Asthma and COPD are caused by different mechanisms triggered by different pathogens, but some patients present with features of both asthma and COPD, which is known as asthma-COPD overlap syndrome (ACOS). ACOS may have several different underlying mechanisms. Orie et al. proposed airway hyperreactivity as a genetic condition and a common risk factor for the development of asthma and COPD [30]. Genetic analysis associated with the development of asthma and COPD has established several disease susceptibility genes such as ADAM33, and orosomucoid-like 3, which are frequent for both asthma and COPD [31,32]. Viral infections in early childhood are a risk factor for the development of asthma and COPD [33]. Various factors associated with early life events associated with asthma and COPD from the fetal stage to early childhood have been associated with impaired airway and lung growth and the subsequent onset of asthma and COPD [34]. The pathogenesis of COPD due to asthma is currently unknown but may involve airway remodeling, chronic airway inflammation, and bronchoconstriction independent of inflammation. The histological characteristics of airway remodeling in patients with asthma-induced COPD include thickening of the bronchial epithelial basement membrane, increase in airway smooth muscle mass, increase in mucus-producing cells, subepithelial fibrosis, and vascularization [35]. In addition, a randomized controlled trial showed that allergen-induced bronchoconstriction and methotrexate-induced bronchoconstriction contribute to persistent airflow obstruction in asthma patients by up-regulating transforming growth factor beta and epithelial-mesenchymal transition [36].
Our finding on the association between asthma and COPD risk is consistent with previous observational studies.

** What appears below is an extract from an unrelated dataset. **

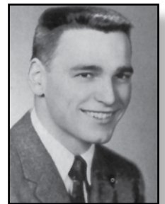
Class of '57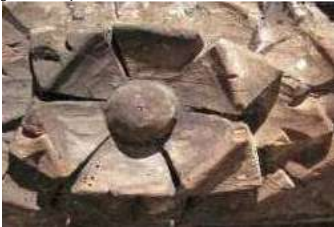
32 Stryd y Castell, Biwmares. 'Tudor Rose' (c1485/6) / 32 Castle Street, Beaumaris. 'Tudor Rose' (c1485/6)

Adroddiadau Dendro a Hanes Tai i sawl tŷ ym Miwmares, ac yn fwyaf arbennig i 32 Stryd y Castell (gyda'r enw 'Tudor Rose') a 34 Stryd y Castell, Red Boat. Mae'r ddau eiddo hyn â rhosynnau wedi eu cerfio a'u hymgorffori yn y trawstiau neu fel addurniadau i'r cyplau to. Yn 'Tudor Rose' gwelir hefyd gerflun o rosyn ar fwa'r lle tân.

A 50-year cohort study in Aberdeen demonstrated childhood asthma significantly increases the risk of COPD (OR = 6.37, 95%CI = 3.73–10.94) [37]. Similar findings have been observed in other cohort studies [5,7,38]. In addition, several cross-sectional studies also provide some supporting evidence [8,39–43]. The Wellington Respiratory Survey, which involved 749 individuals aged between 25 and 75 years to investigate the risk factors of COPD, revealed that a prior diagnosis of asthma was the most frequently associated risk factor [39]. The CanCOLD study, a multicenter cross-sectional investigation, revealed self-reported asthma was an independent predictor of COPD in both never-smokers and ever-smokers [8]. Further, a systematic review and modeling analysis including 162 articles documenting population-based studies conducted in 260 study centers across 65 countries showed that asthma significantly increases the risk of developing COPD, with an OR of 2.6 (95%CI = 1.6–4.1) in the global countries, and a higher risk observed in low and middle-income countries (OR = 3.6, 95%CI = 0.5–24.1) [44]. However, these types of study designs may fail to distinguish between causality and non-directional associations caused by confounding factors and are prone to errors of reverse causality.

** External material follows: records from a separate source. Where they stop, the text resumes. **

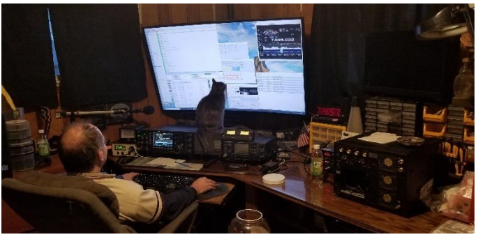
It looks like the CAT interface at NR2C was operating purr-fectly!

NR2C placed 5<sup>th</sup> in the region SOUHP, but questioned his eligibility: "The 8 yr old granddaughter watched for a while but the biggest 'helper' was the kitten we adopted a couple of months ago. My question is: Does a feline observer disqualify me from SOHP Unlimited class?" In SOULP, W3FIZ made it into 5<sup>th</sup> overall, whilst K3ZU held on for 10<sup>th</sup>.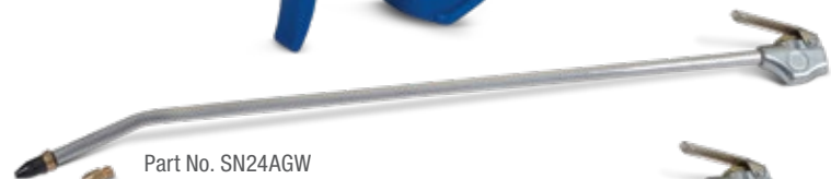
Part No. SN24AGW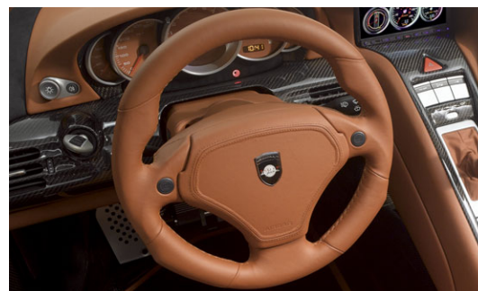
340 mm steering wheel

One strength of this study is that the results obtained in MR studies can strengthen the evidence for causal inference. As an IV, SNP overcomes environmental influence and disease development, and can effectively avoid reverse causality and confounding bias. The large-scale GWAS data used in the study for MR analysis can improve the accuracy of the results. However, we cannot ignore several limitations of this MR study. First, due to the lack of data in the original study, such as gender, asthma phenotype, and asthma severity, further subgroup analyses have been difficult to perform. Further research is needed to explore the relationship between asthma and COPD in different subpopulations, especially those with specific asthma phenotypes or severity. Second, we used MVMR to check for the possibility of horizontal pleiotropy introduced by the observed confounders. However, multivariate analysis cannot overcome bias due to pleiotropic effects from pathways outside of smoking or PM 2.5. Third, although the Mendelian randomization method provides us with a way of estimating causal relationships between genes and phenotypes, we cannot be completely certain of the causal relationship between asthma and COPD due to the limitations of the effect size and the number of SNPs. Finally, our MR analysis included only the European population, so we need more evidence from other populations to draw a confirmed conclusion.
In conclusion, asthma could increase the risk of COPD, while there is no evidence that COPD increases the risk of asthma. More research is needed in the future to investigate the underlying mechanisms, such as functional studies, genomics studies, and multi-omics studies. Meantime, clinicians should pay attention to the risk of COPD in asthmatic patients and formulate early diagnosis and treatment strategies for these patients.
Supporting information
S1 Table. STROBE-MR checklist of recommended items to address in reports of Mendelian randomization studies.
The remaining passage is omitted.